Understanding SHBG and consideration in women with FPHL

SHBG is a sponge for hormones

Many female patients who have had extensive blood tests to evaluate hormone levels and hormone function will often see a test ordered as "Sex hormone binding globulin (SHBG)." SHBG are often ordered for women with irregular periods, acne, women with insulin resistance, some women with severe thyroid abnormalities. Of course, it's sometimes ordered for women with female pattern hair loss 

What is SHBG?

SHBG is a protein that binds to hormones. SHBG binds to androgens and binds to estrogens.  It essentially sops them up and prevents them from doing their job. SHBG levels are higher in women than men and higher before puberty than after puberty. 


Why evaluate SHBG in female pattern hair loss?

In some young women with female androgenetic hair loss, I order SHBG levels. Sometimes I order the tests to gain a better understanding of the diagnosis (see below for causes of low SHBG), but sometimes I order as a means of monitoring as I hope the SHBG levels rise with treatments (such as starting a birth control pills.)


Monitoring SHBG is complex and requires expert input as to causes of low and high levels. 

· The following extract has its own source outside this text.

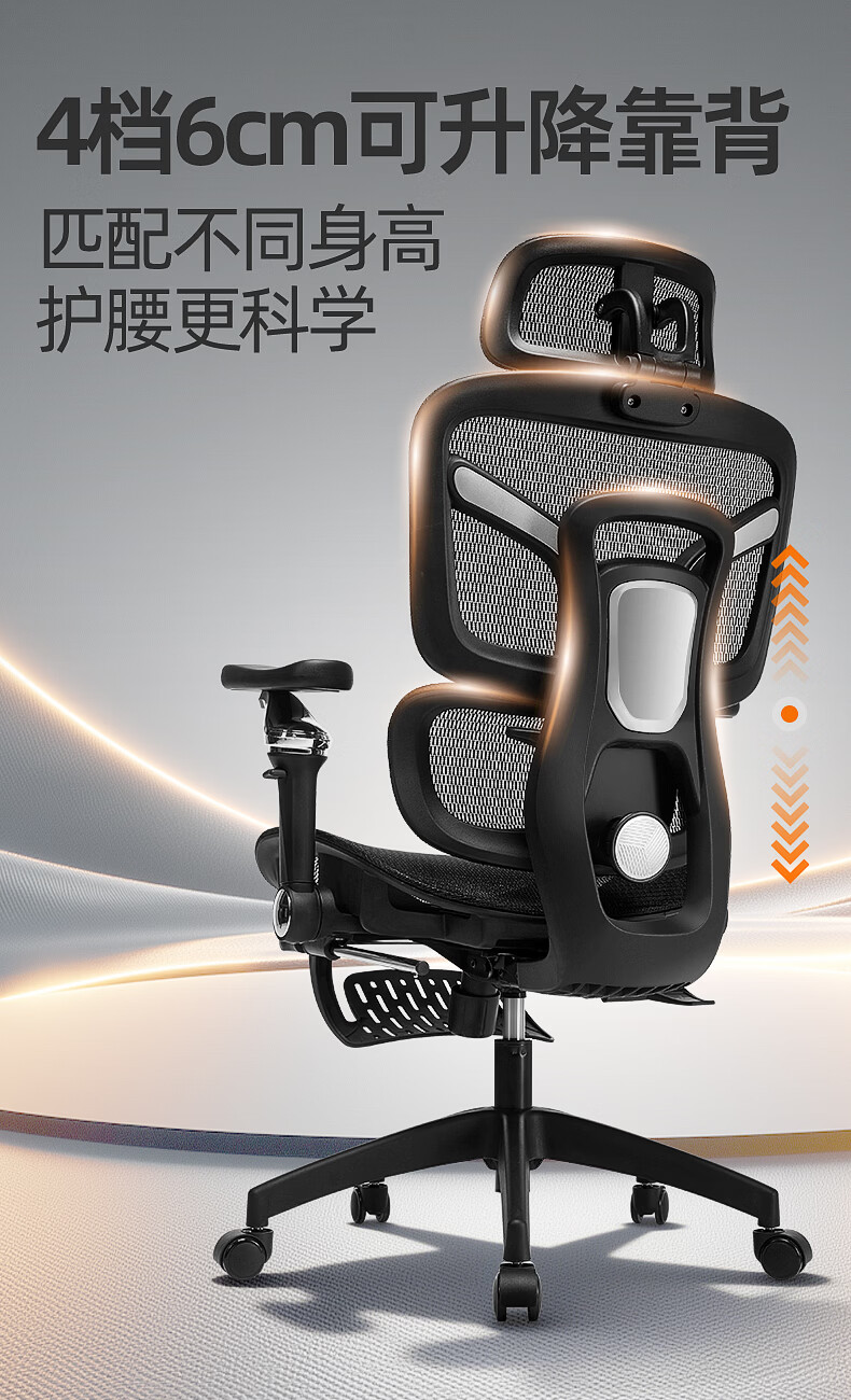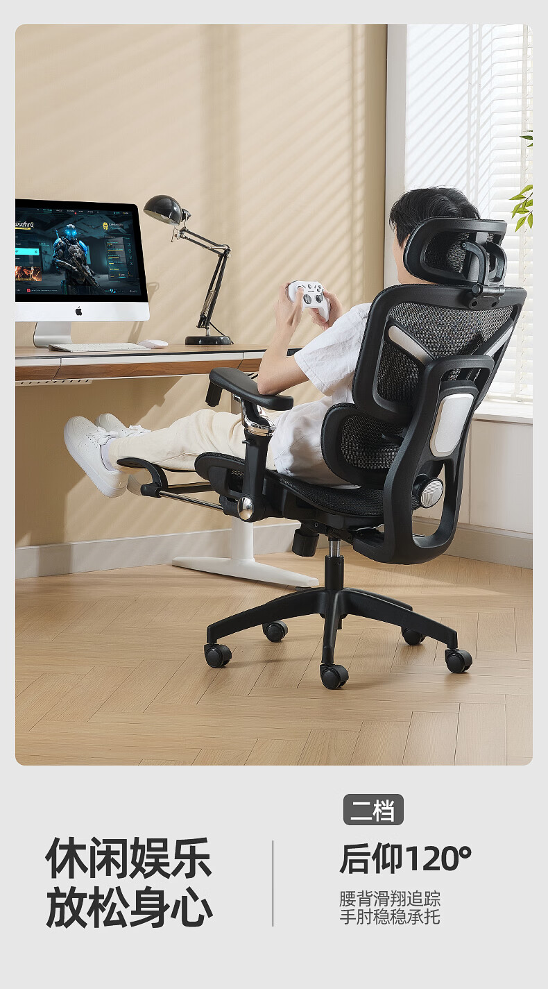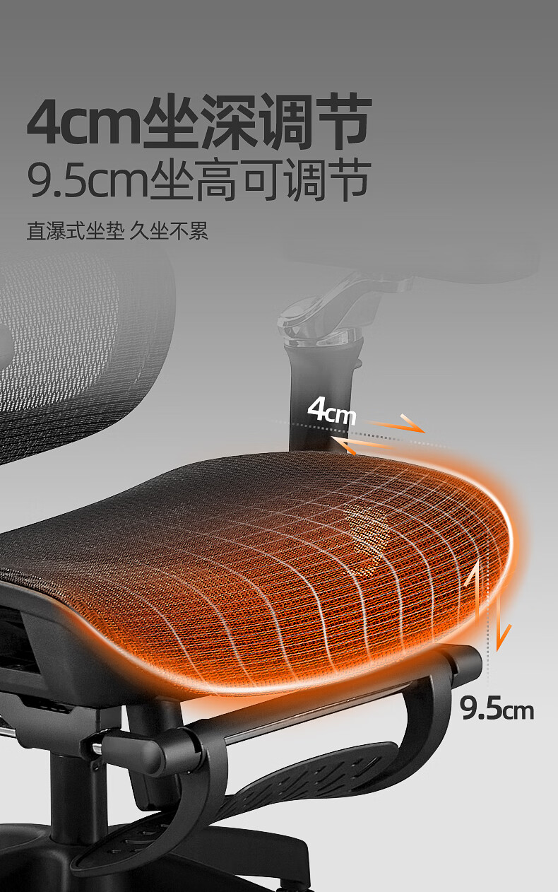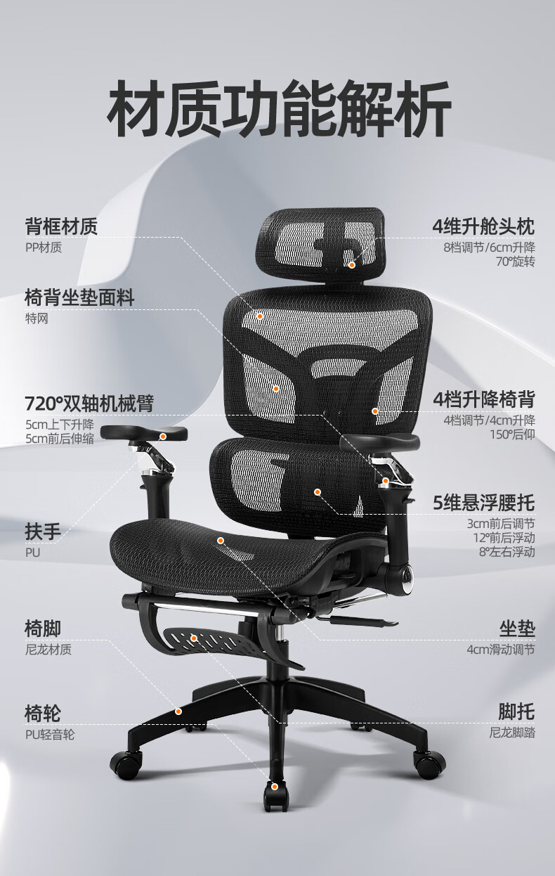 博泰 电脑椅 人体工学椅家用电脑椅午休可躺椅透气网办公转椅929黑色

In general, low SHBG levels are seen in women with polycystic ovarian syndrome (PCOS), obesity, insulin resistance, hypothyroidism, Cushing syndrome (a condition of excessive steroid production by the body), and use of androgen hormones (testosterone for women). 

Many things elevate SHBG including oral contraceptives, thyroid problems, liver problems, pregnancy, extreme dieting, cancers, medications (i.e. dilantin), and smoking. In young women, one of the more common causes of increased SHBG is starting oral contraceptives and pregnancy.  Most OCPs lead to an increase in SHBG levels by 3-4 times over baseline. 



Overall, causes of increased and decreased SHBG are sometimes complex and require careful evaluation by a physician knowledgeable about all these causes.